EXERCISE DATA:

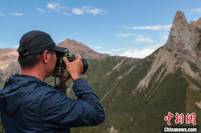 8月20日,參加2024瀾湄國際影像周的中外嘉賓來到青海省玉樹藏族自治州囊謙縣的達那寺,攝影師拍照留念。達那寺是囊謙縣唯一一座國家級文物保護單位。達那寺藏語稱為“達那僧格南宗”,意為“馬耳獅子天堡”,因其坐落之山形似獅子、山上一塊巖石酷似馬耳而得名。中新社記者 薛蒂 攝
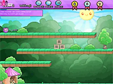 Fling your purple character as few times as possible to reach the exit tent. Beware of boxes!
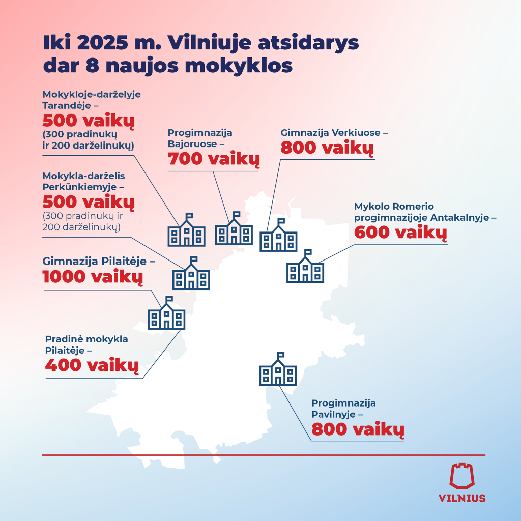 Sparčiai augantis Vilnius išsiskiria didžiausiu mokinių skaičiumi (64 tūkst.) ir toliau augs – savivaldybės atlikta analizė parodė, kad iki 2025 m. mokinių daugės maždaug 14 tūkst., t. y. sieks mažiausiai 78 tūkst. Šiandien miesto Taryba pritarė sprendimui per artimiausius keletą metų Vilniuje atidaryti dar 8 naujas mokyklas. Tai tik dalis visos planuojamos mokyklų pertvarkos.

THE TASK: Return the whole listing, word for word, and leave out every picture.

RESPONSE AREA:
 8月20日,參加2024瀾湄國際影像周的中外嘉賓來到青海省玉樹藏族自治州囊謙縣的達那寺,攝影師拍照留念。達那寺是囊謙縣唯一一座國家級文物保護單位。達那寺藏語稱為“達那僧格南宗”,意為“馬耳獅子天堡”,因其坐落之山形似獅子、山上一塊巖石酷似馬耳而得名。中新社記者 薛蒂 攝
 Fling your purple character as few times as possible to reach the exit tent. Beware of boxes!
 Sparčiai augantis Vilnius išsiskiria didžiausiu mokinių skaičiumi (64 tūkst.) ir toliau augs – savivaldybės atlikta analizė parodė, kad iki 2025 m. mokinių daugės maždaug 14 tūkst., t. y. sieks mažiausiai 78 tūkst. Šiandien miesto Taryba pritarė sprendimui per artimiausius keletą metų Vilniuje atidaryti dar 8 naujas mokyklas. Tai tik dalis visos planuojamos mokyklų pertvarkos.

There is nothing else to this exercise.